Themes and quality statements

Theme 1: Quality and safety

Quality statements:

  • Supporting people to live healthier lives
  • Learning culture
  • Safe and effective staffing
  • Equity in access
  • Equity in experience and outcomes
  • Safeguarding

Theme 2: Integration

Quality statements:

  • Safe systems, pathways and transitions
  • Care provision, integration and continuity
  • How staff, teams and services work together

Theme 3: Leadership

Quality statements:

  • Shared direction and culture
  • Capable, compassionate and inclusive leaders
  • Freedom to speak up
  • Governance, management and sustainability
  • Partnerships and communities
  • Learning, improvement and innovation
  • Environmental sustainability – sustainable development
  • Workforce equality, diversity and inclusion

Evidence we will look at

Six evidence categories signal the types of evidence we use to understand the quality of care being delivered against each quality statement. The evidence categories required to assess each quality statement vary according to what is being assessed.

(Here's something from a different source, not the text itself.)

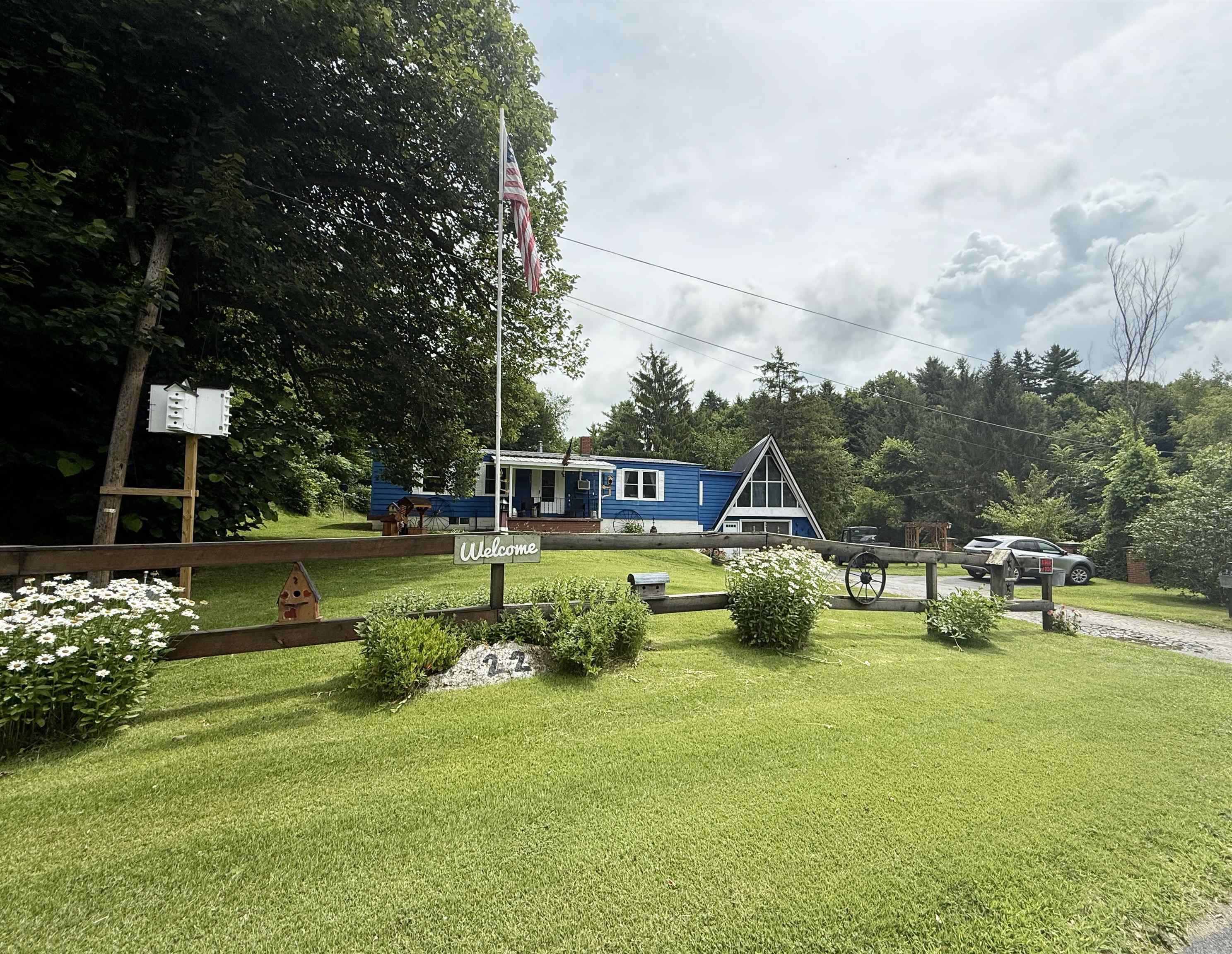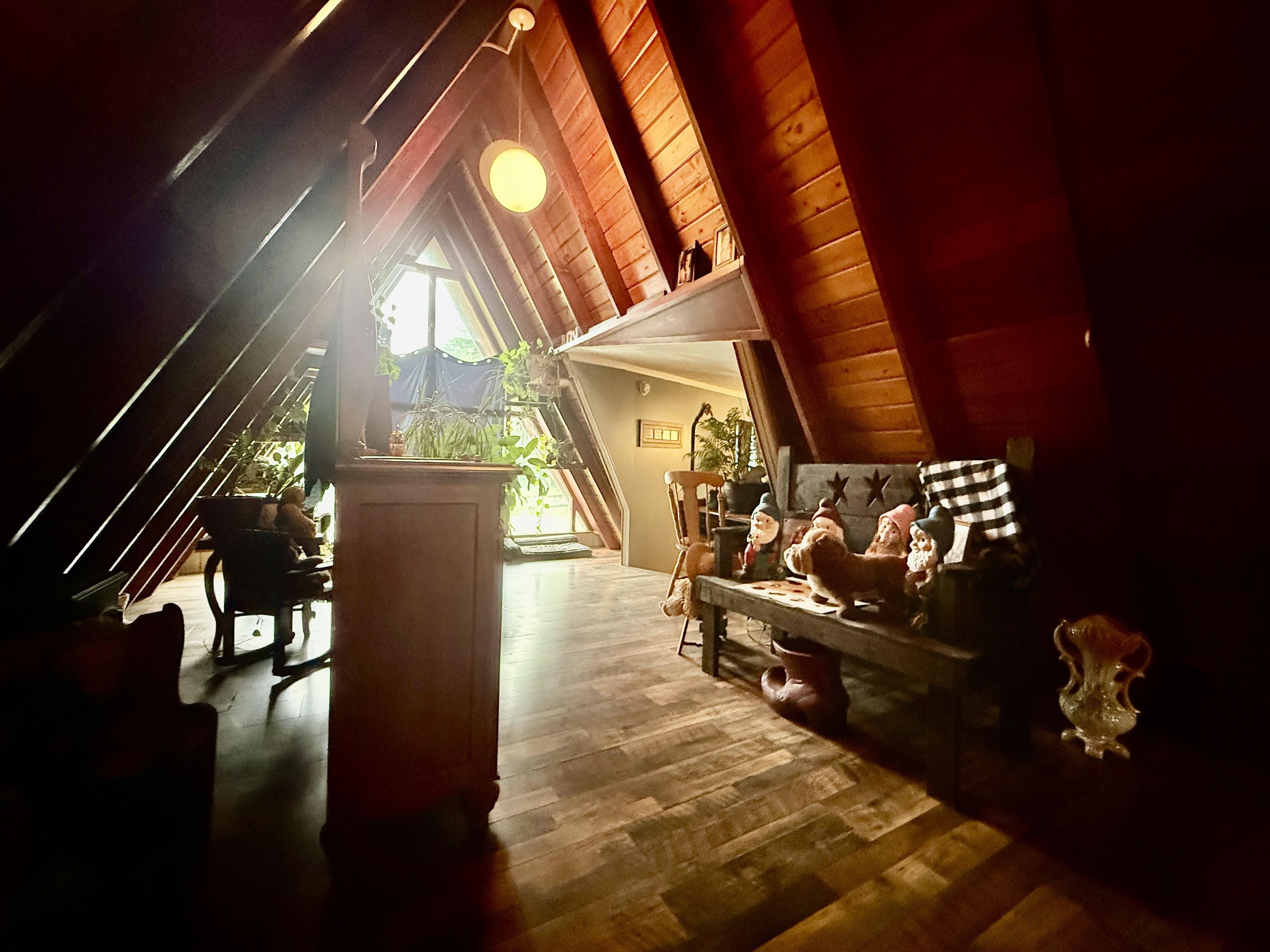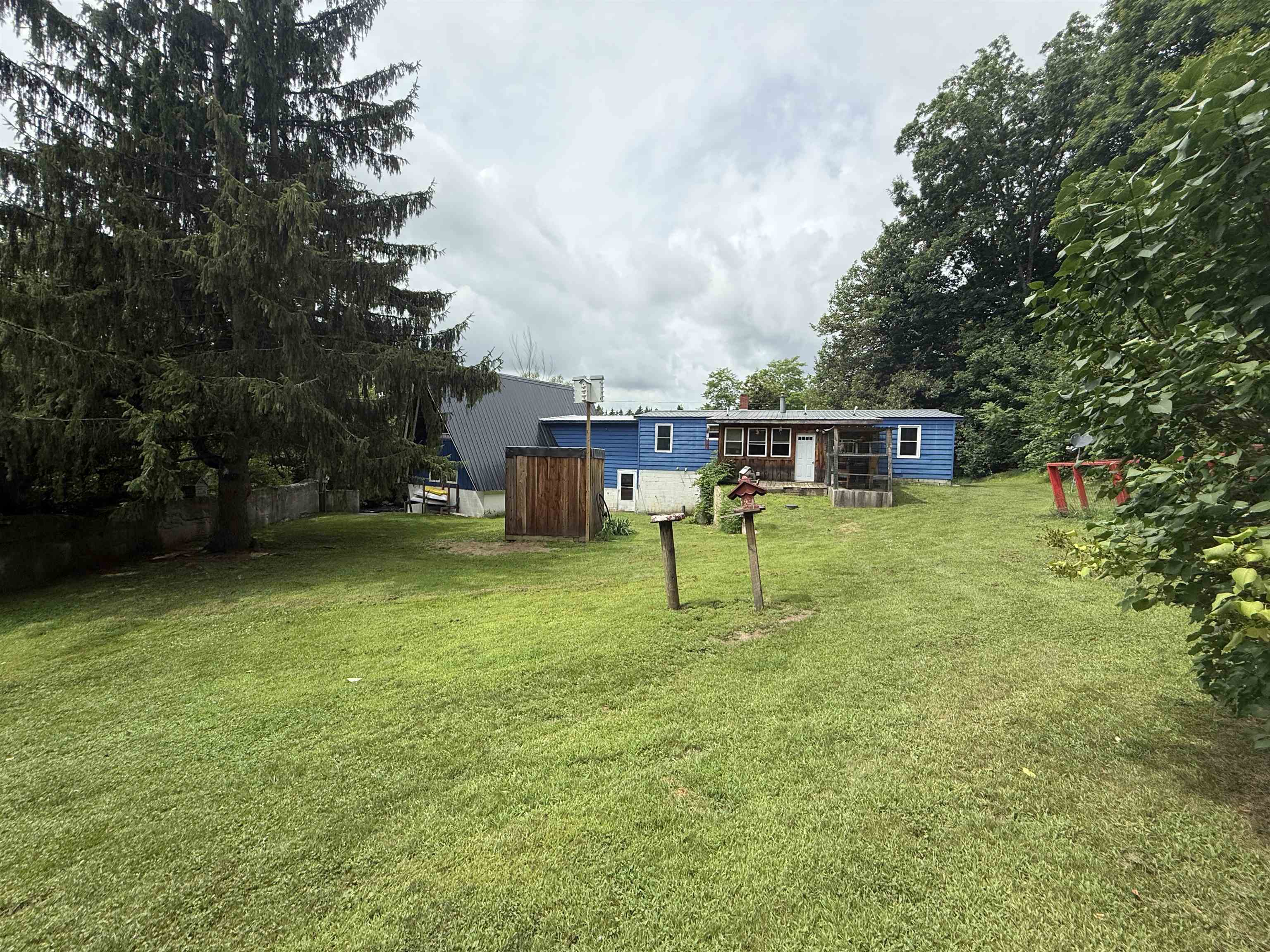 Open the window or sit outside and listen to the rush of the water. This 3-bedroom, 2 bath home sits alongside the water on an acre of land. This beautifully landscaped property has mature perennials and flowering trees. A large backyard has a chicken coop and storage shed. Inside you will find an open living area. At one end of the house there are 2 bedrooms. There are 2 renovated bathrooms, and each have floors made completely out of pennies! Off the kitchen in the back is a bonus room. The A-frame has been converted into the primary bedroom. In the warmer months, the heated garage converts into a screened-in room making extra living space or a game room. Call a realtor to setup a showing for your chance to live in Fowler on the water!

The following are the 6 evidence categories and some illustrative examples:

  1. People’s experience as set out in our experience principles and framework. This category covers all types of evidence where the source is from people who have experience relating to a specific health or care service, or a pathway across services. It also includes evidence from families, carers and advocates for people who use services. Examples include interviews with people, Give Feedback on care forms, survey results and feedback from representative groups.
  2. Feedback from staff and leaders for example, from direct interviews, compliments and concerns raised with us, surveys and evidence from self-assessments.
  3. Feedback from partners for example, from commissioners, providers, professional regulators, accreditation bodies, royal colleges, multi-agency bodies. This will include partners involved in the wider determinants of health and wellbeing such as housing, licensing, or environment services.
  4. Observation including case tracking, and observation of meetings and forums that co-ordinate health and care in the system such as integrated board and partnership meetings, place-led meetings and health and wellbeing boards.
  5. Processes are the series of steps, or activities that are carried out to deliver care and support that is safe and meets people’s needs. We will focus on the effectiveness of the processes rather than simply the fact they exist. This category includes metrics such as waiting times, audits, policies and strategies.
  6. Outcomes are focused on the impact of processes on individual people and communities, and cover how care has affected people’s physical, functional or psychological status. Evidence includes information on the quality of providers in an integrated care system, clinically relevant measures, quality of life assessments and population data.

The quality statements and evidence categories remain relatively static, but the specific evidence sources we will look at to assess quality will change more frequently, in line with the most up-to-date best practice standards, guidance and information.

As part of our assessments, we will consider evidence of the quality of health and care services provided across the area of each integrated care system alongside other evidence of the outcomes of system working. Ratings of individual providers will not directly determine the outcome of an integrated care system assessment, but will form part of the evidence we use for assessments.

Our assessment and inspection teams will share information about quality and partnership working within each integrated care system. Assessments will not directly inform ratings of individual providers, but in some cases, the evidence we gather during an integrated care system assessment may form part of the evidence we will use for assessing providers. For example, this evidence could be around partnership working or it could inform decisions about further assessment activity required at provider level.